# Turkeys in Minot?



## duckslyr (Nov 27, 2008)

Hello I am About to move to the Minot area in March 09 and was wondering if there are any turkeys. I currently live in Idaho and have tried turkey hunting the past 4 years with no luck. I have only seen about 5 in the entire state since i have been here. That is pretty frustrating since i come from the turkey hunting mecca of the world Missouri. I dont want your hunting spots i just want to know if it is worth packing up/moving all my decoys and such half way across the country.


----------



## Dak (Feb 28, 2005)

bring'em


----------



## taddy1340 (Dec 10, 2004)

duckslyr said:


> Hello I am About to move to the Minot area in March 09 and was wondering if there are any turkeys. I currently live in Idaho and have tried turkey hunting the past 4 years with no luck. I have only seen about 5 in the entire state since i have been here. That is pretty frustrating since i come from the turkey hunting mecca of the world Missouri. I dont want your hunting spots i just want to know if it is worth packing up/moving all my decoys and such half way across the country.

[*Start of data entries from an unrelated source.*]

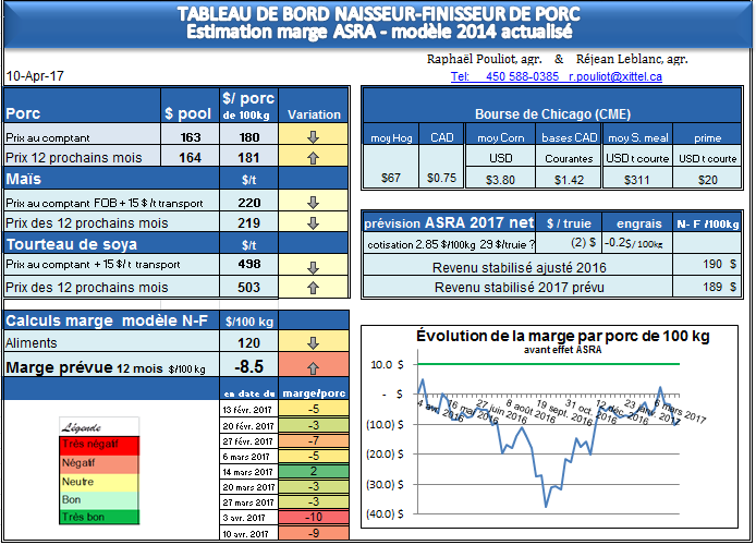Bon matin, aujourd’hui lundi 10 avril, la marge du modèle N-F pour les 12 prochains mois est de –8.50 $, un peu mieux donc que la semaine passée.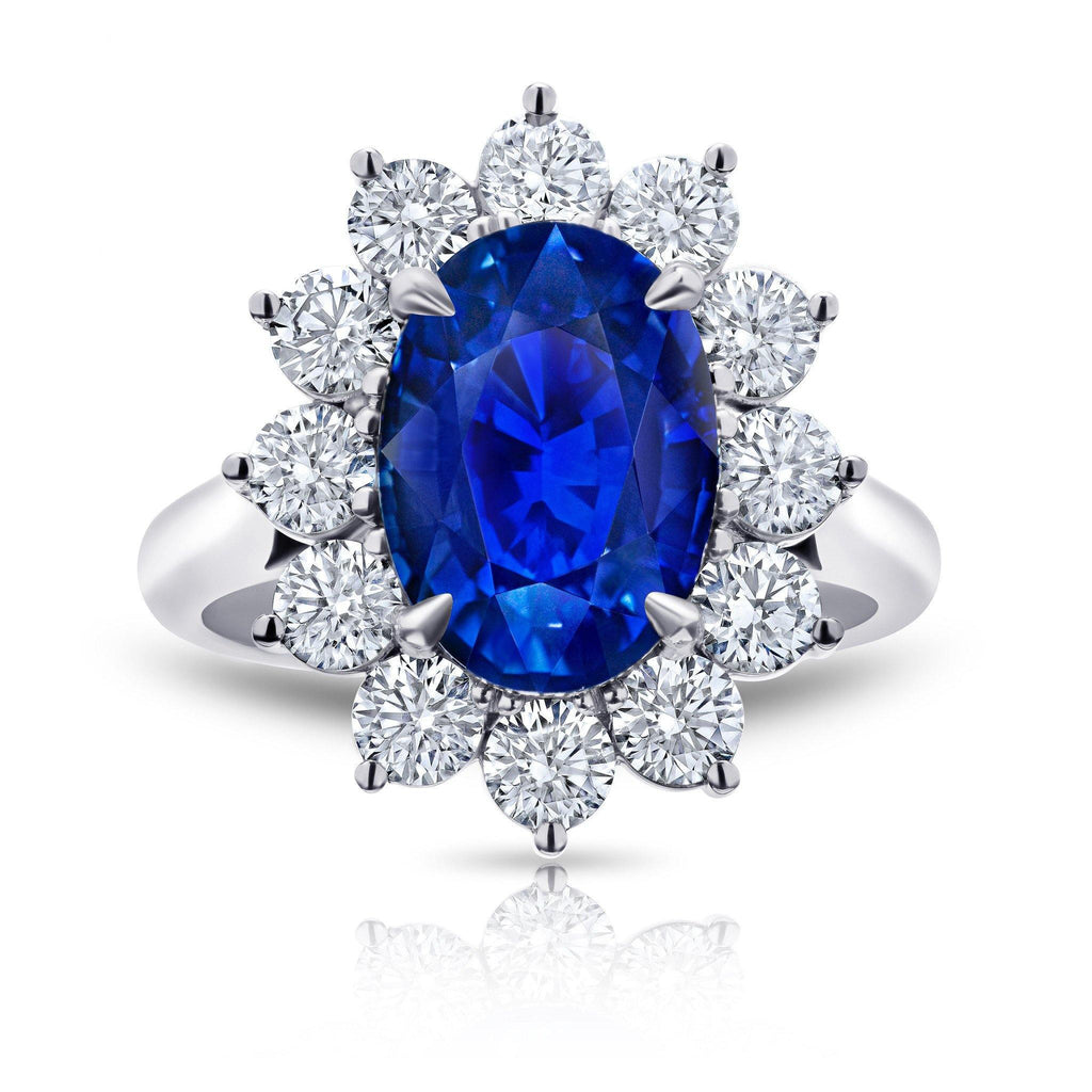 5.87 carat Blue Sapphire Princess Diana Ring with 12 Round Diamonds weighing 1.83 carats.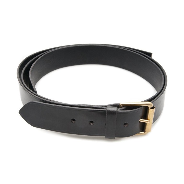 Leather Strap 44mm (1 3/4 in) wide with substantial brass buckle. It comes in two halves, the half with the buckle and the half with the holes to suit the buckle. As supplied the length is adjustable via the buckle from 2.055 metres (6 ft 9 in) to 1.880 metres (6 ft 2 in) but you can shorten it further by cutting and trimming the ends

Plenty of Turkeys in the area and state. How many decoys do you have? Doesn't it only take 1 or 2? Turkery hunting is one of the lightest gear hunts IMO! :beer:


----------



## duckslyr (Nov 27, 2008)

i usually use 3 hens and a jake but i have buddies that want to hunt here still so i was thinking about giving them away. but now i changed my mind.


----------



## deerslayer80 (Mar 27, 2007)

Lots of good hunting grounds around here. Do your research and scouting, and don't forget to talk to the farmers. You won't have a problem finding land if you take the time and do those few things. Best of luck in the future...


----------